Friedman documents the formation of the Black Guerilla Family, the prison arm of the Black Power Movement. A key intellectual figure in the BGF was George Jackson, best known as one of the Soledad Brothers. At that time, George’s partner was the controversial University of California academic Angela Davis. In addition to offering a means of collective self defense, the BGF was a source of revolutionary education for other Black inmates, and a link to like-minded groups outside the prison walls, including the burgeoning anti-war movement. The BGF issued manifestos condemning their treatment by the Department of Corrections, and also organized prison strikes. For all these reasons, the organization’s leaders were targeted by prison officials and guards. Knowing that George Jackson was a marked inmate, the group organized an attempt to break him out. The plot was compromised by snitches and undercover correctional officers and George Jackson was shot and killed on August 21, 1970. Less than one month later, inmates of Attica Prison in New York State staged a massive uprising. 

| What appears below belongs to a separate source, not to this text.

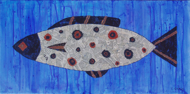 Swimming in Good News I, I collaged the Wimberley newspaper into the body of the

Most of this history has faded from public consciousness. Archival material has been lost or destroyed, though Friedman was able to access some long obscured records concerning Adjustment Centers — the first solitary confinement units in California’s penal system and the precursor to supermax facilities like Pelican Bay which opened in 1989. Prison conditions in America haven’t improved. Many are grossly overcrowded, dangerous and rarely provide adequate treatment, education or rehabilitation. As the Equal Justice Initiative reports on its website, “Corruption and abuse of power among correctional staff runs rampant because prison officials are not held accountable for failing to protect incarcerated people.” 

What connects Jim Crow segregation, the Soledad Brothers, the murder of George Floyd, and a system of mass incarceration that disproportionately punishes Black people? Is it the inherent inferiority and otherness of Black people or the entrenched mindset of white America?